Qastal Maaf is the centre of a majority-Turkmen district of Lattakia. Its inhabitants have largely opposed the regime since 2011. By 2012, a large number of Turkmen joined rebel factions, while some formed Turkmen militias to defend their areas. The National Defence Forces, a pro-regime militia, carried out escalating attacks against Qastal Maaf from 2012-2013, forcing most residents to flee to nearby Turkey, where they have ethnic and familial ties. However, some residents chose to flee to Lattakia city, where they own properties in the majority-Turkmen Ali Jamal neighbourhood.
The opposition controlled Lattakia’s northern countryside from 2013 until 2018, when regime forces and Iran-backed militias managed to regain control of the Qastal Maaf district with Russian air support. It wasn’t until 2020, however, that the regime allowed displaced residents to visit the town to check on their homes and farms, which have faced widespread destruction.
Speaking to a correspondent for The Syria Report in Lattakia, human rights sources said that Syria’s Turkmen have been the target of discriminatory policies since 2011, due to their ethnicity. Most of them trace their roots to Ottoman-era Turkey. Those same human rights sources added that the regime had arrested many Turkmen on the pretext of their ties to the opposition, or for communicating with Turkey. This discriminatory treatment remains in place in regime-held areas.
According to local Turkman sources from Qastal Maaf, “returnees” who appeared recently in pro-government news videos were not actually from the town. The Syria Report was unable to confirm the identities of those in the videos.

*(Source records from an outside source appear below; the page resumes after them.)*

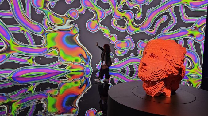 Miguel Chevalier bezieht die Inspiration zu seinen fantastischen Gebilden aus der Vielfalt und Schönheit der den Menschen umgebenden freien Natur. Sie darf sich, künstlich und künstlerisch, Saal für Saal, in der Kunsthalle entfalten. An den in tiefschwarzes Dunkel getauchten Wänden rankt sie sich farbig in die Breite und in die Höhe. Die Besucherschaft dieser Ausstellung ausdrücklich aufgefordert, an ihrer Entfaltung aktiv mitzuwirken. Die erste interaktive, schon am Anfang der ganzen Schau gebotene und fesselnde Installation von 2012 heißt passend „The Origin of the World“. Damit verknüpft Chevalier zum einen die Vergangenheit und die Zukunft, zum anderen die analoge und die digitale Welt: winzige Zellstrukturen des Ökosystems und Pixel, die kleinsten Elemente des digitalen Bildes.
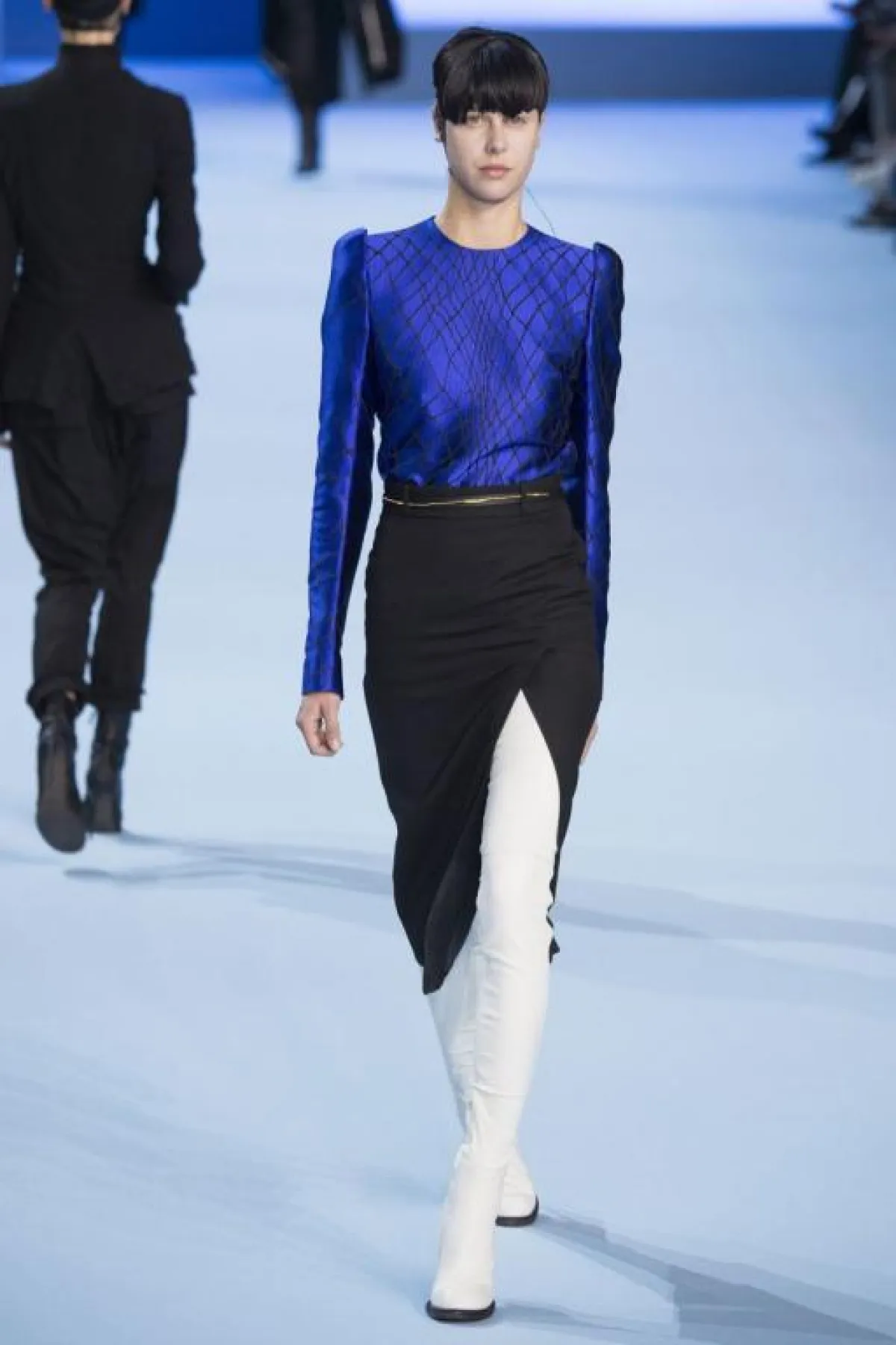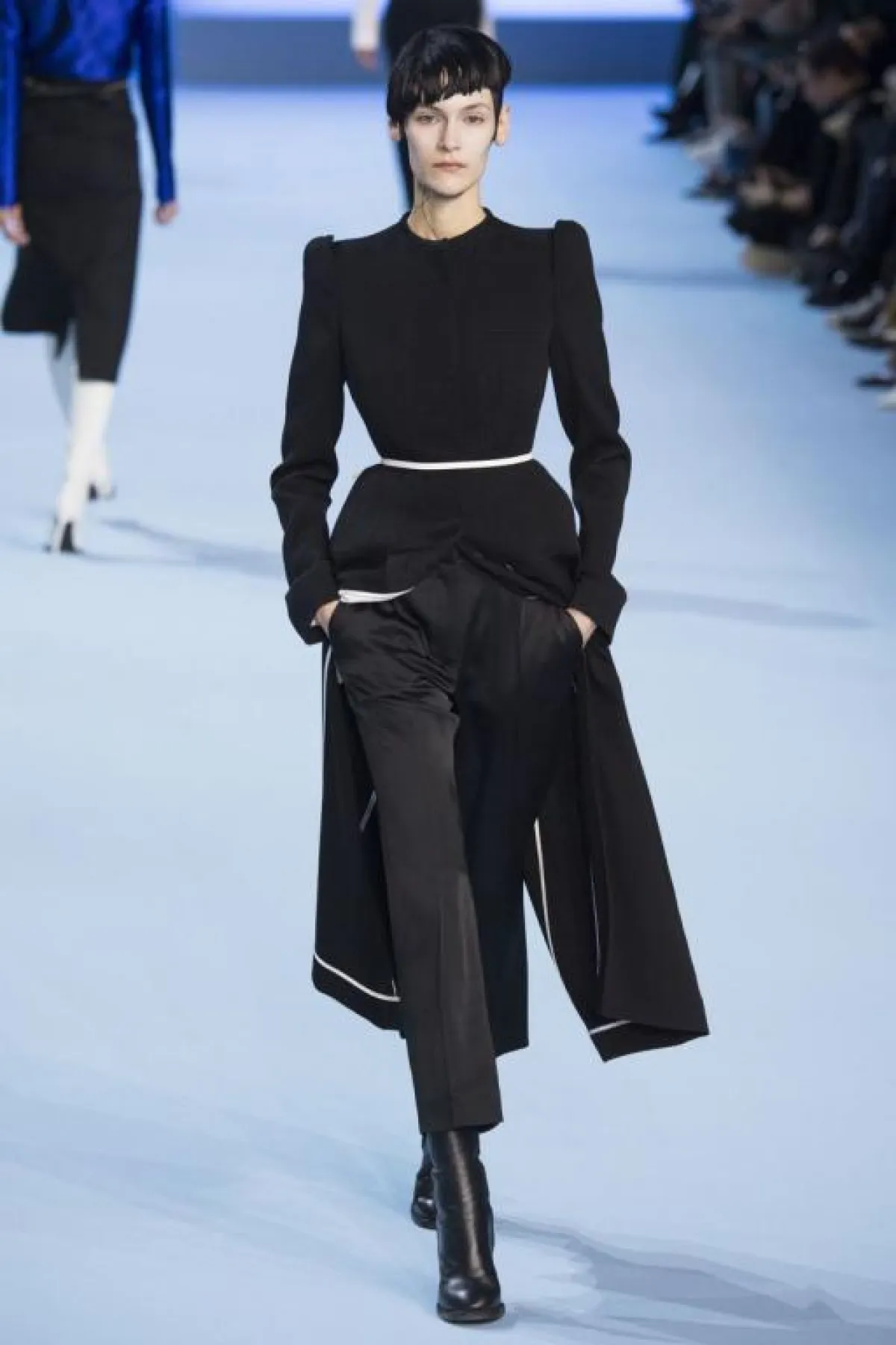 وفي هذا اليوم أيضاً تابعنا عرض أزياء دار "حيدر أكرمان" Haider Ackermann الذي قدم مجموعة راقية استوحاها بكشل أساسي من اللون الأسود الذي امتزج في بعض التصاميم بطريقة لافتة مع الأبيض، والأزرق الحيوي، وقد ضمت المجموعة البدلات الرسمية، الفساتين المتوسطة الطلول، والمعاطف، وقد لاحظنا حرفة عالية في الخياطة وابداع لافت في التصاميم.
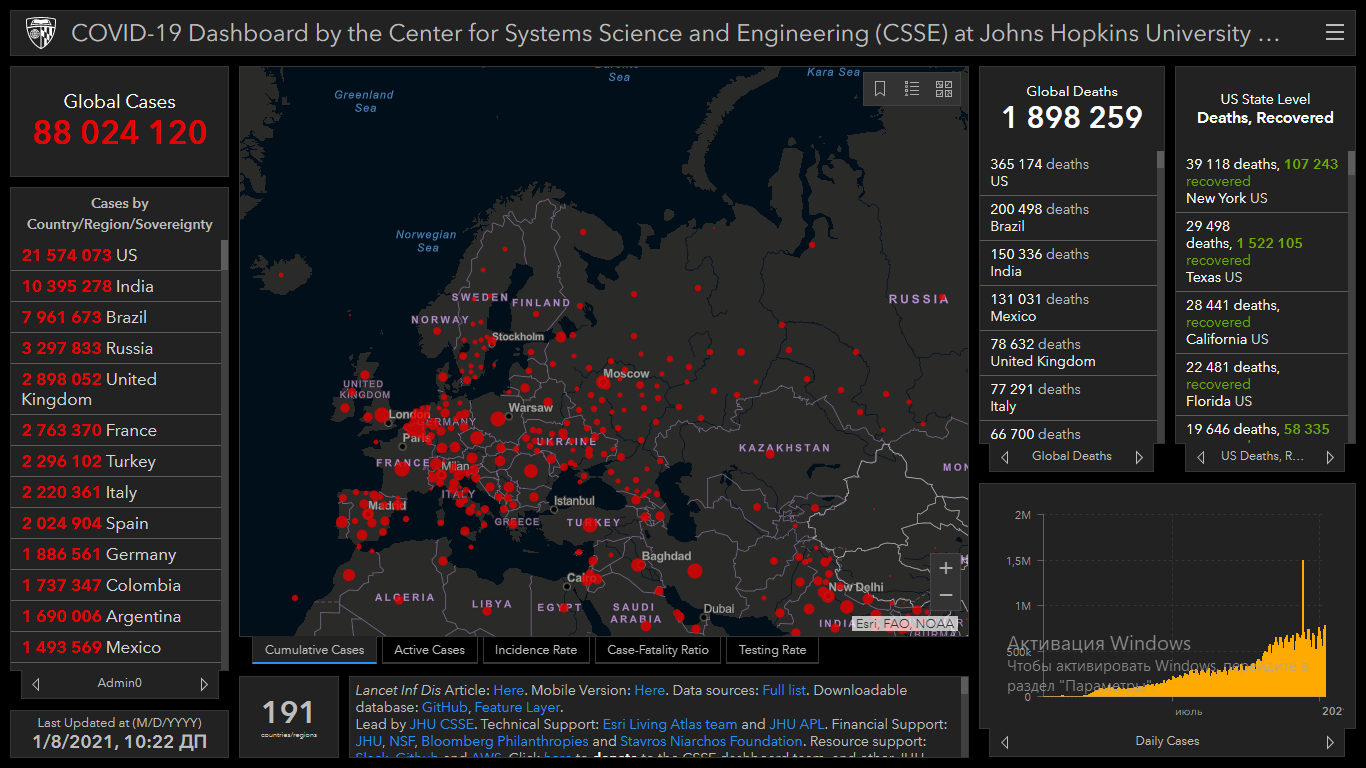Всего в мире коронавирусом заразились 88 миллионов 24 тысячи 120 человек. Больше всего зараженных в США (21 миллион 574 тысячи 73), Индии (10 миллионов 395 тысяч 278), Бразилии (7 миллионов 961 тысяча 673), России (3 миллиона 297 тысяч 833), Великобритании (2 миллиона 898 тысяч 52), Франции (2 миллиона 763 тысячи 370), Турции (2 миллиона 296 тысяч 102), Италии (2 миллиона 220 тысяч 361), Испании (2 миллиона 24 тысячи 904), Германии (1 миллион 886 тысяч 561) и Колумбии (1 миллион 737 тысяч 347).
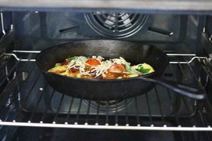 3. Tip: heb je geen ovenvaste koekenpan? Doe dan de deksel op de pan na het toevoegen van de kaas en laat een paar minuten op laag vuur smelten.
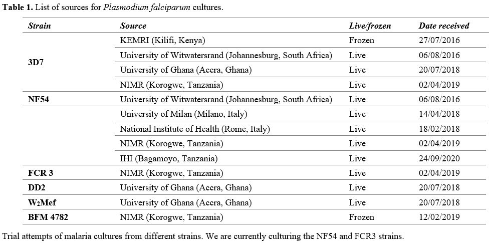 Frozen parasites: These were obtained from (Kenya Medical Research
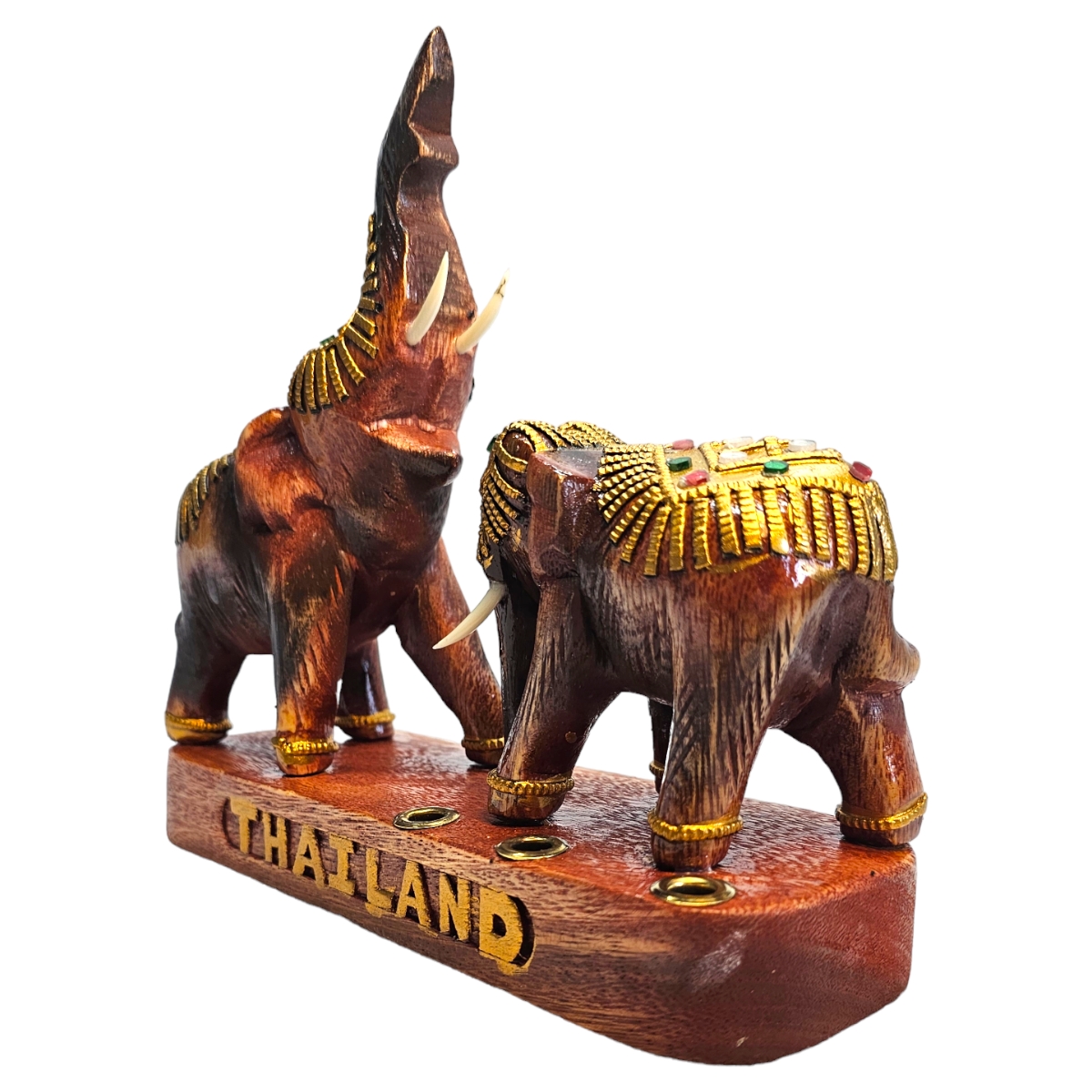 Erfrischen Sie Ihren Wohnraum mit unserer eindrucksvollen Thai Dekoration - zwei reizende Elefanten künstvoll auf einem Holzstück errichtet. Die schlichte Schönheit dieser Kunst, mit der Schrift "Thailand" elegant darauf eingraviert, verwandelt Ihr Zuhause in eine exotische Oase. Gefertigt mit leuchtenden Mosaiksteinen, liefern diese Elefanten ein spektakuläres Farbenspiel, das jeden Raum aufhellt. Das warme, natürliche Holz fügt sich nahtlos in jedes bestehende Dekor ein und verleiht ihm einen Hauch von rustikaler Schönheit. Diese Thai Dekoration ist nicht nur ein Hingucker, sondern bietet auch eine Augenweide, die Sie Jahr für Jahr bewundern können. Lassen Sie sich von der natürlichen Schönheit Thailands verzaubern und bringen Sie ein Stück dieses tropischen Paradieses in Ihr Heim!
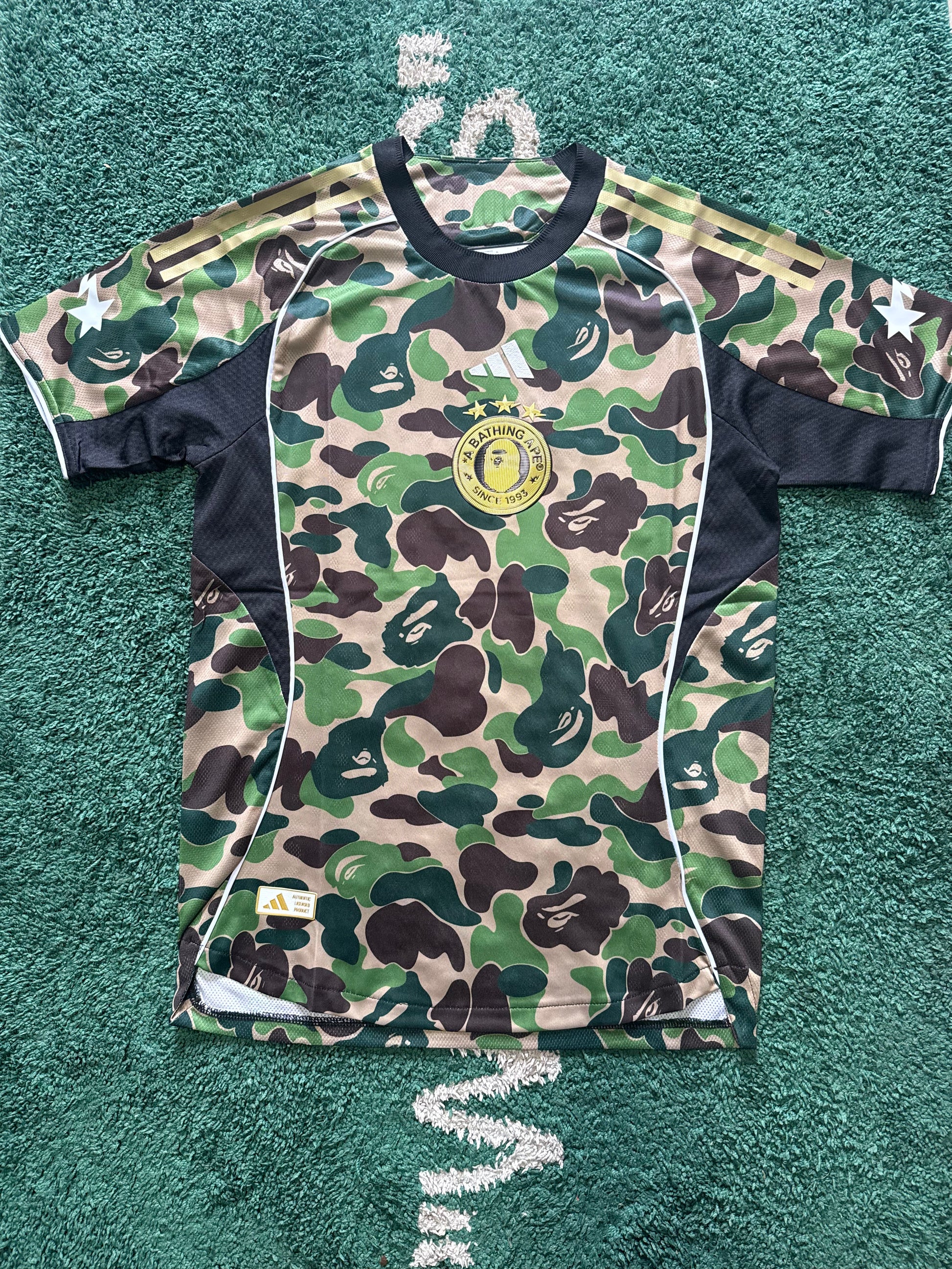 Designed with lightweight, breathable fabric, it offers all-day comfort whether you’re on the pitch or in the streets. adidas performance detailing meets BAPE’s unmistakable aesthetic, creating a statement piece that blends sport, culture, and style in one clean silhouette.

However, local sources from across the border in Turkey indicated that most of the people in the videos were residents of small Alawite villages adjacent to Qastal Maaf, who returned to their homes two years ago.
Aid organisations active in Lattakia’s northern countryside have provided support to residents of those Alawite villages, including Basqin, Beit Fares, Al-Maidan and Al-Ramadiyeh. A source from one of those organisations told The Syria Report that no more than 20 families from Qastal Maaf had returned and received aid, most of them elderly.